Traditionally, even courts in India have acknowledged the authority of the Ministry of External Affairs (MEA) to practice diplomacy in national interest without being hamstrung by regional considerations or narrow political exigencies. Until the Central government’s ham-handed approach to the Italian tanker Enrica Lexie incident, courts generally acceded to MEA requests which would help overcome roadblocks to its practice of diplomacy.

Such a scenario is not peculiar to India. In a landmark case in the US, the exclusive authority of the federal government in Washington to conduct foreign policy was challenged by Massachusetts through a 1996 state law prohibiting trade with Myanmar. In 2000, the US Supreme Court struck down the state legislation and upheld the federal government’s sole authority in such matters. No country can practice credible diplomacy if its external affairs are subject to parochial pulls and pressures to a point where meaningful foreign policy becomes redundant. That was the case in Tamil Nadu since Tamil separatism in Sri Lanka found fertile ground there in the 1980s.

It is now a distant memory that when the Indian forces wound up their Sri Lanka operations on March 31, 1990 and the last IPKF contingent came home to what was then Madras, it was insulted and there was no gratitude to the force which had sacrificed hundreds of its men in the Sri Lanka operation. Never mind the politics of the Rajiv-JRJ accord, these were members of the Indian Army. In popular descriptions, the IPKF had come to be known in Tamil Nadu as the “Indian Tamil Killing Force”.

By then, M Karunanidhi had become the Chief Minister. He continued MGR’s policy of providing financial and logistical support to the LTTE, even though the Indian Army was fighting the very

Tamil Tigers on the island nation. LTTE cadres who were injured in fighting Indians were freely smuggled into Tamil Nadu and offered free treatment in state hospitals. Tamil Nadu had become a state within the Indian state on matters of Sri Lanka policy.

How did a sweeping change come about that the Sri Lankan Tamil problem was not a campaign issue in the current elections to the Tamil Nadu Assembly? Like Atal Bihari Vajpayee, throughout his political career, Narendra Modi as Prime Minister has been firm that regional parties should not be permitted to meddle in matters which are solely the preserve of the Union government, such as foreign policy and defence. Second, unlike Manmohan Singh, Modi is not dependent on support from any Tamil party for his survival in office.

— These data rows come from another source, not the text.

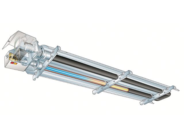 Tube radiant gaz en épingle pour bâtiments industriels de moyenne et grande hauteur, avec ou sans isolation.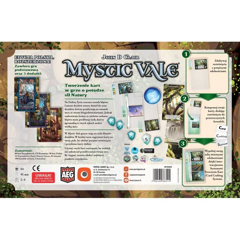 Zestaw Mystic Vale: Big Box zawiera grę podstawową Mystic Vale oraz trzy rozszerzenia: Dolina Magii, Dolina Dziczy i Burza Many. Dzięki nim rozgrywka staje się jeszcze bardziej różnorodna, a możliwości odbudowy krainy – niemal nieograniczone.
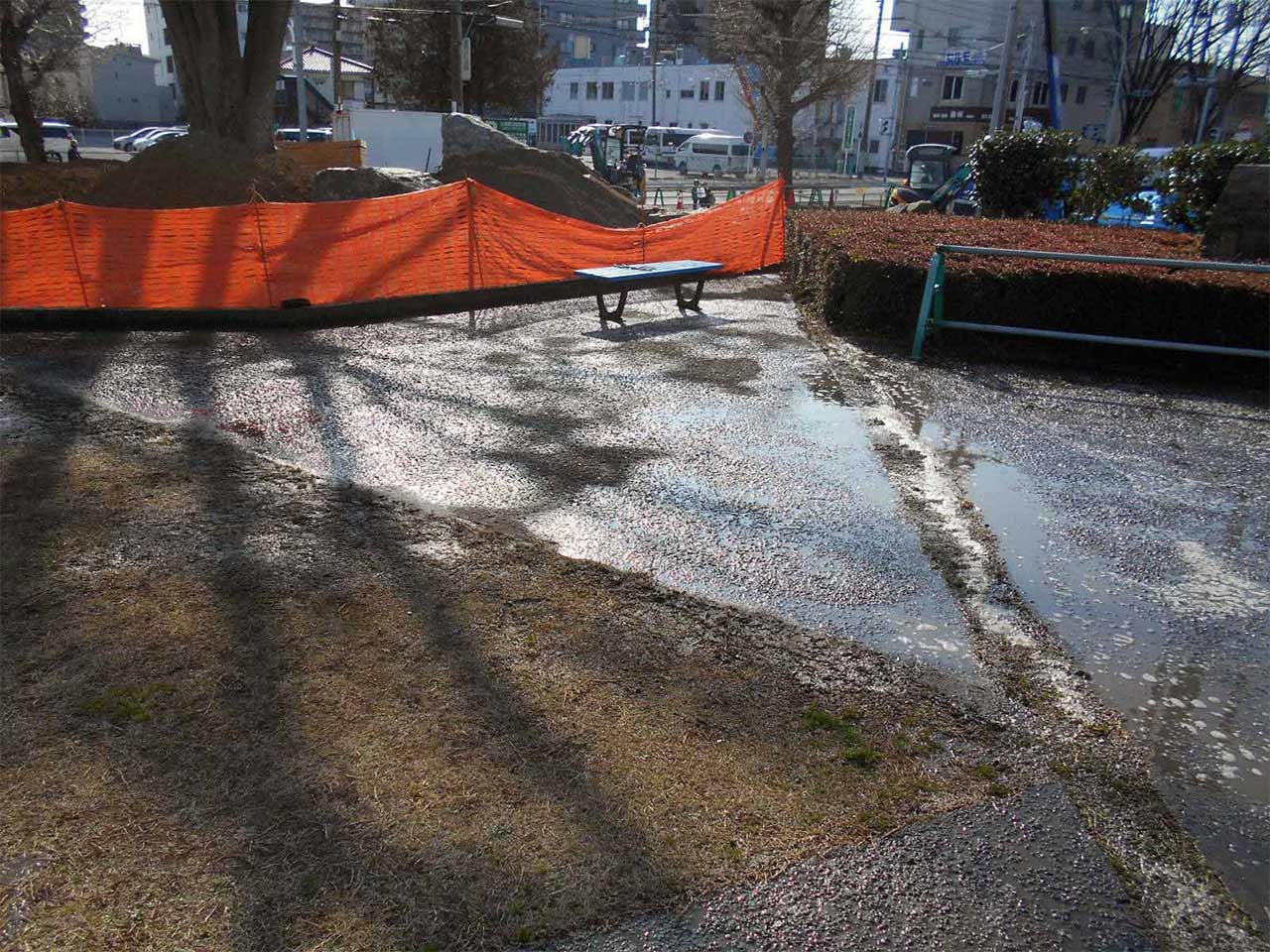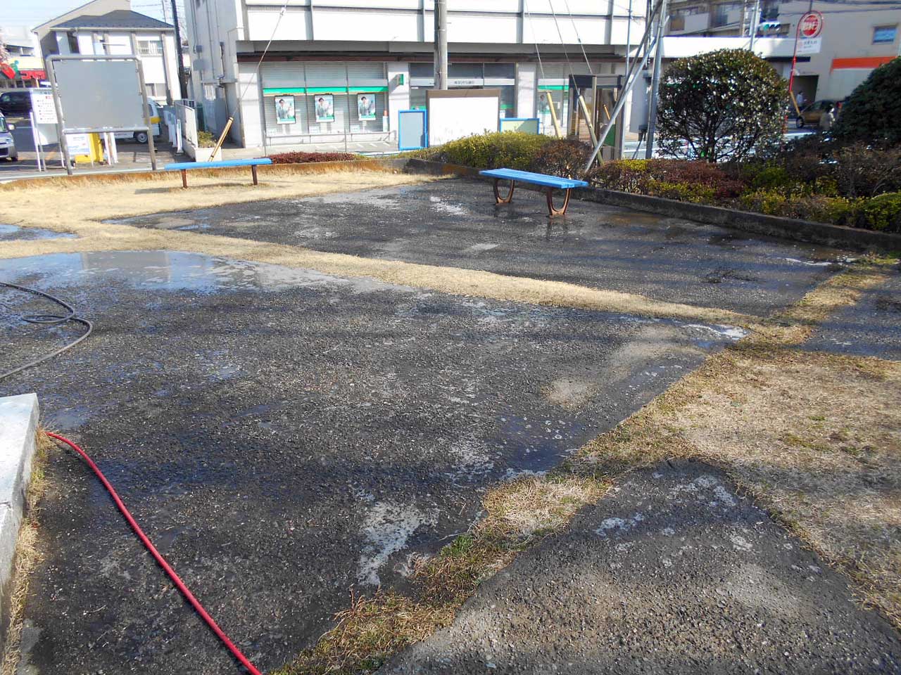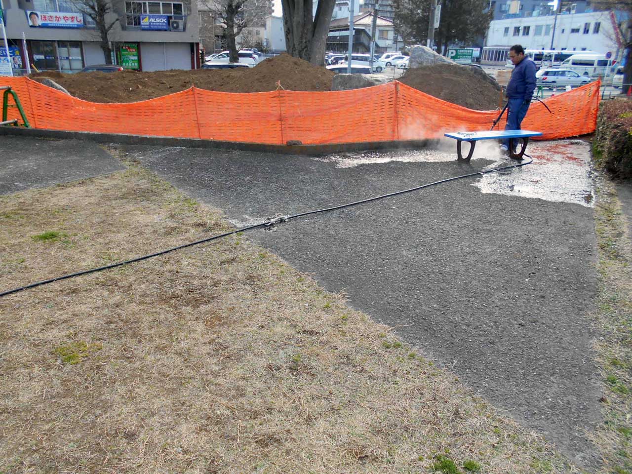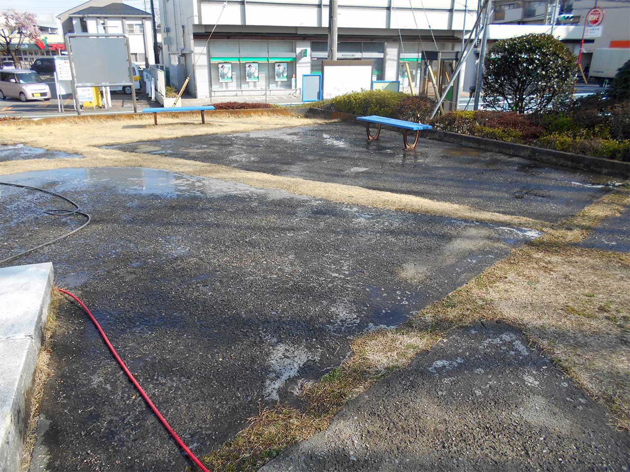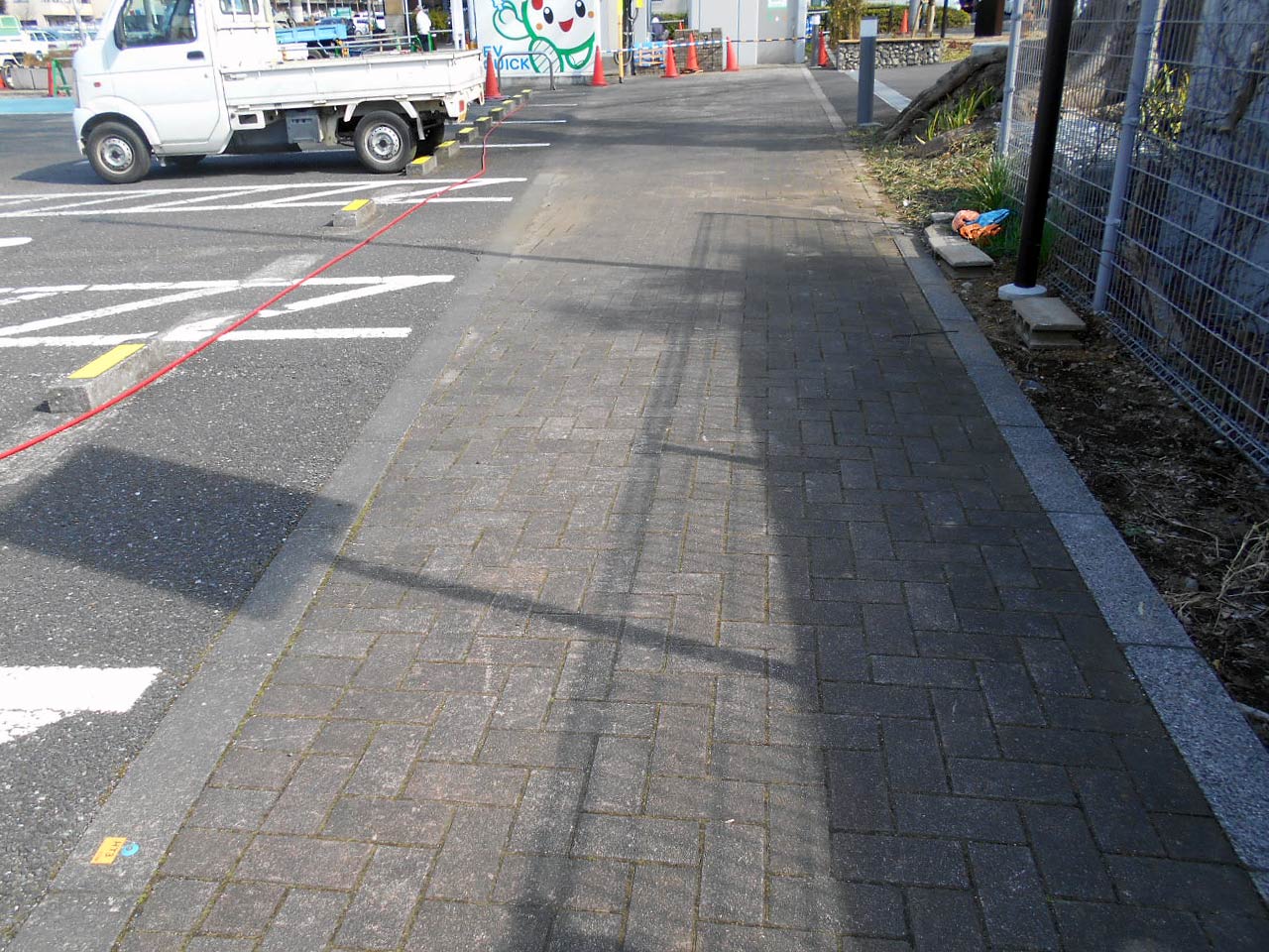 写真は竣工より約12年間、清掃未実施のインターロッキングブロック他、舗装道路等の最近の洗浄実例です。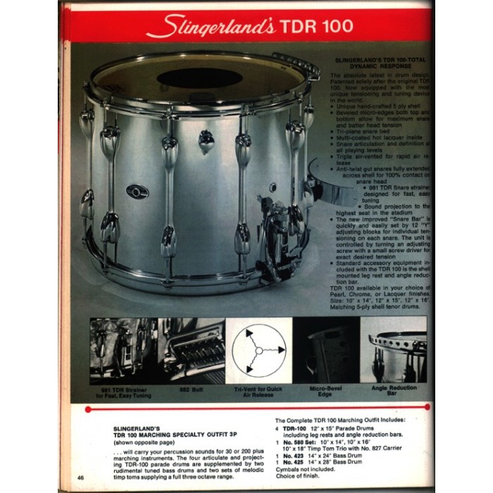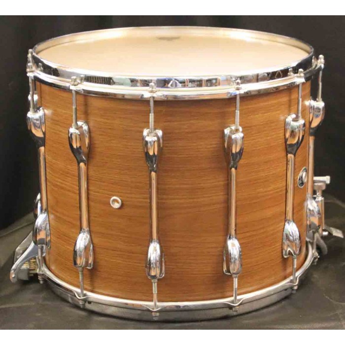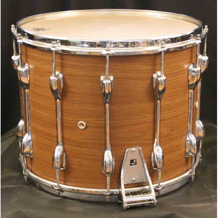 This is a beautifully reconditioned Slingerland 1970s TDR 100 model field drum. This field drum has been completely reconditioned and brought back to life. The shell has been recovered but there are no alterations to the bearing edges. They are still very sharp and original. All original hardware is clean with only minor marks not affecting the performance of the drum. The snares are original gut snares that respond perfectly. This is a 12-lug drum providing excellent tensioning of the 15" heads. These drums have a heavy 5-ply maple shell with no reinforcing rings giving the instrument an excellent full and “open” sound with superior response. These field drums have been used by many generations of orchestral players for that stated reason. This is an excellent opportunity to add this attractive drum to your concert snare drum collection.
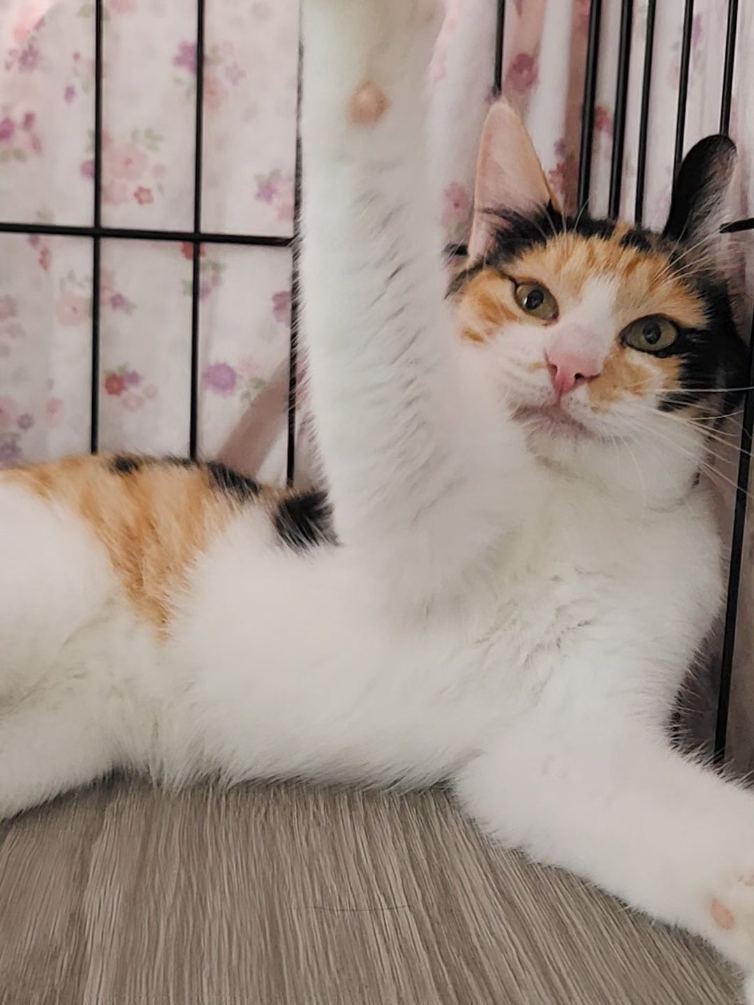 捕獲現場の新規の三毛猫ちゃん、小さいです。うちにいる子猫たちと同じか、もう少し小さいか……。
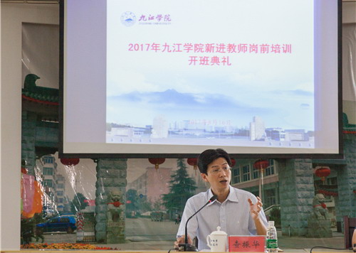 查副校长从学校的办学目标和办学定位出发,围绕学校的校史、校情及办学特色,深入浅出地介绍了我校目前的发展状态及未来的发展方向。他指出,我校有历史、有规模、有特色、有潜力,既继承了白鹿洞书院千年文脉的办学精神,又着力发挥“山江湖”的特色。人才是学校发展的支柱,学校大力引进人才,就是希望他们能围绕学校办学目标,积极投身到高等教育事业及学校的发展中去。查副校长特别指出,一个老师的成长过程包括“站上讲台”、“站稳讲台”、“站好讲台”三个阶段,期望新教师们通过不断学习和锻炼,真正做到“传道、授业、解惑”,教好书、育好人。查副校长的讲话语重心长、情真意切,全体学员报以热烈的掌声。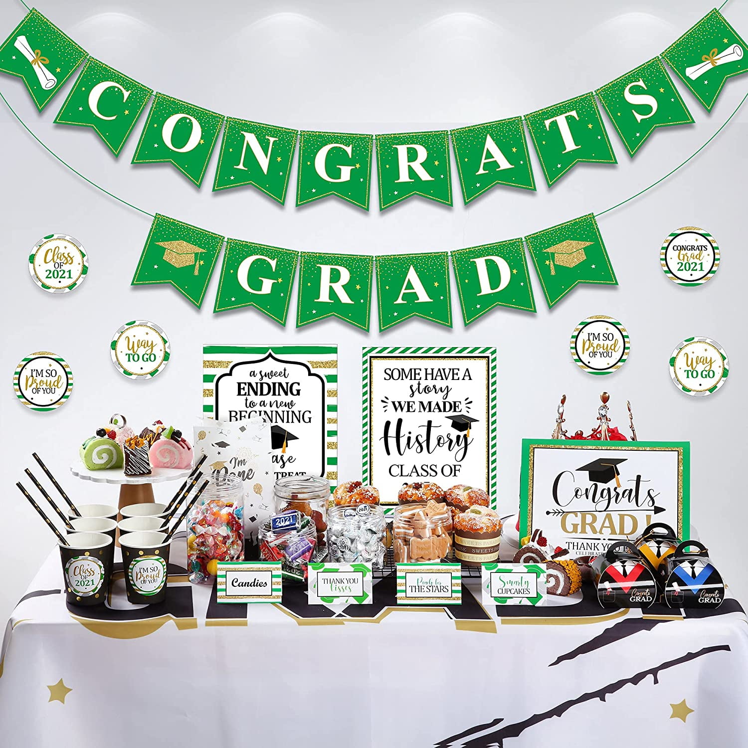 Graduation Candy Buffet Labels, Black Gold Grad Party Buffet Table Sign Set, Graduation Party Dessert Food Label Decorations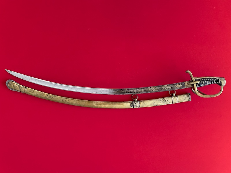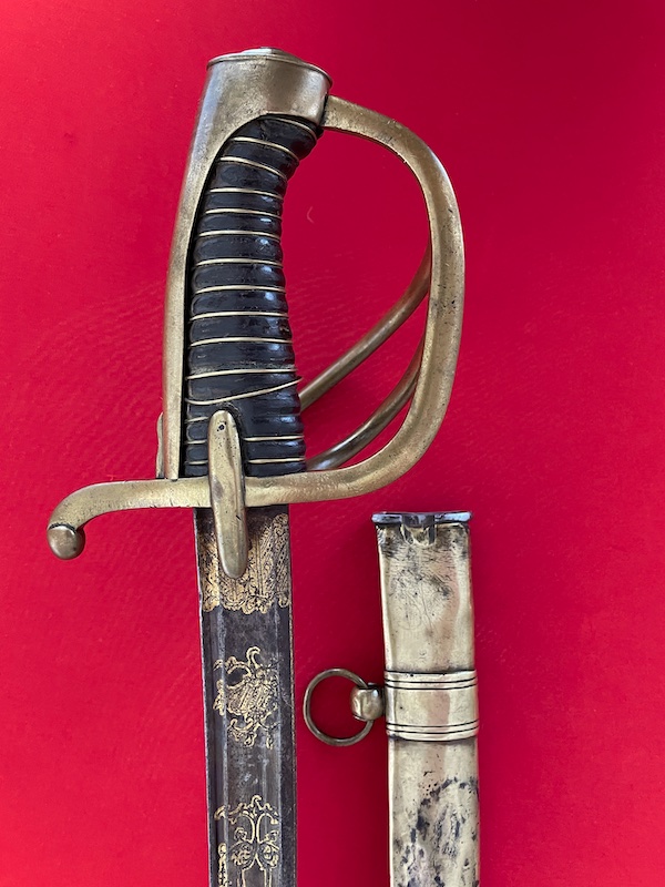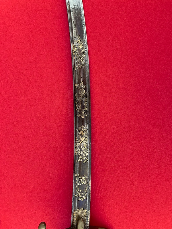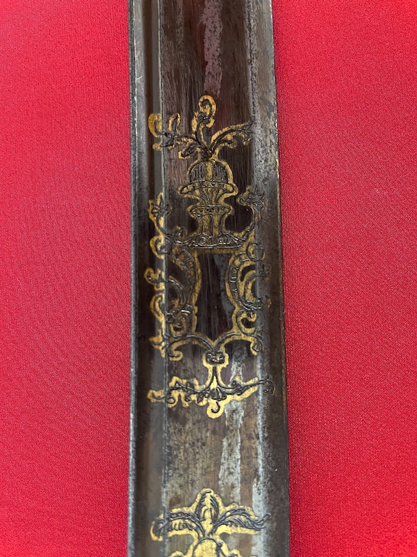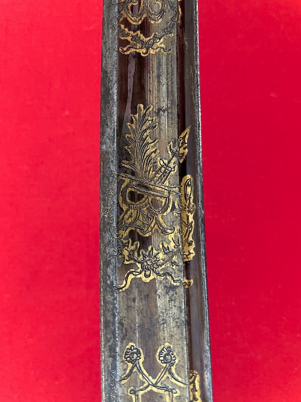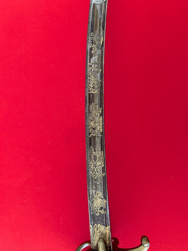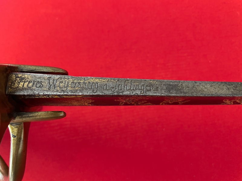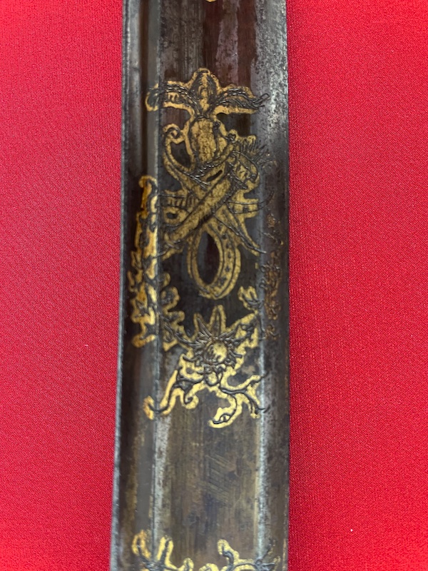 Messinggefäß, sehr schöne Klinge (Solingen), geätzt, gebläut und vergoldet.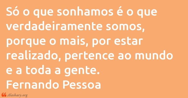 Só o que sonhamos é o que verdadeiramente somos, porque o mais, por estar realizado, pertence ao mundo e a toda a gente.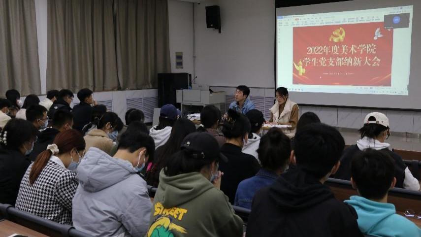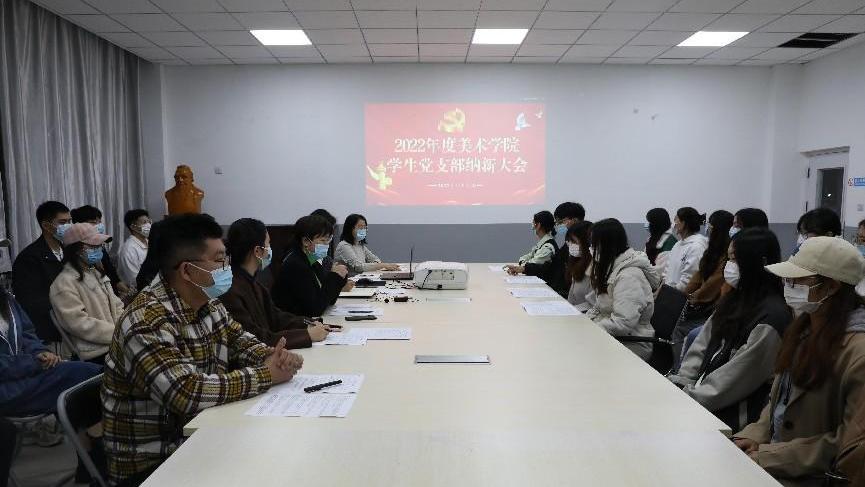 11月11日,美术学院学生党支部于6号楼B117召开党员纳新大会,美术学院党委书记杨晓青、副书记孔翠、组织员张琦出席会议,学生支部全体成员参加。会议由学生党支部书记张笑主持,济宁应用型人才培养基地设立分会场。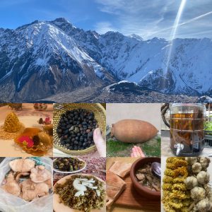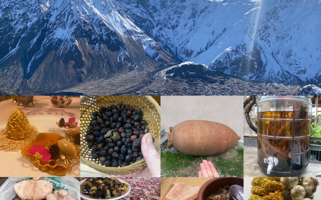 Image Block 2: The Causasus Mountains offered stunning scenery, while wild and hand-gathered foods like pine cones, rose hips, mushrooms, and flowers like marigold and the endemic Caucasian bladdernut were highlights of the Georgian table. One of the most ancient foraged plants is the grape, with over 500 varietals still surviving today. The clay qvevri fermentation vessel has been used to make wine in Georgia for at least 8,000 years).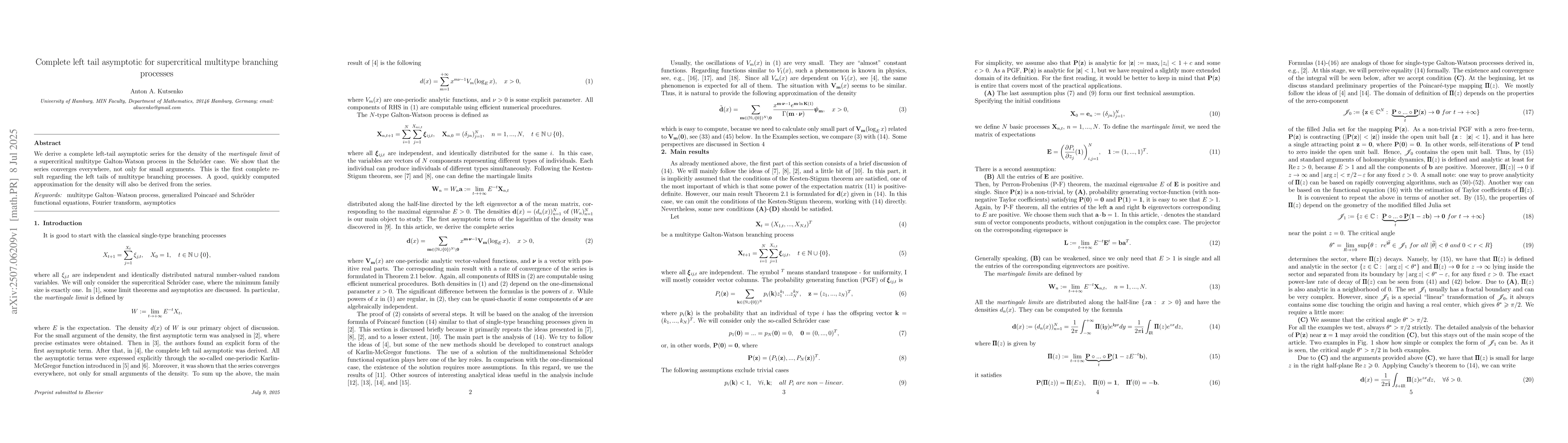 We derive a complete left-tail asymptotic series for the density of the {\it martingale limit} of a supercritical multitype Galton-Watson process in the Schr\"oder case. We show that the series converges everywhere, not only for small arguments. This is the first complete result regarding the left tails of multitype branching processes. A good, quickly computed approximation for the density will also be derived from the series.

Besides, the Sinhala-dominated Sri Lankan government has decisively crushed Tamil separatism on the island, but in the long run, this can be a double-edged sword. That is obvious from the considerations which went into India’s abstention from the vote on a resolution on Sri Lanka in the UN Human Rights Council last month. With the poll campaign in Tamil Nadu in full swing, most people expected Modi to support the resolution which the Sinhalas rejected from the start.

But in an assertion of the MEA’s regained autonomy on policy choices, India opted for abstention. It is an acknowledgement that India is uniquely placed as an external factor in Sri Lankan affairs and that it must, therefore, stand aside from other international powers on Sri Lankan reconciliation, power sharing with Tamils and devolution for the island’s minorities.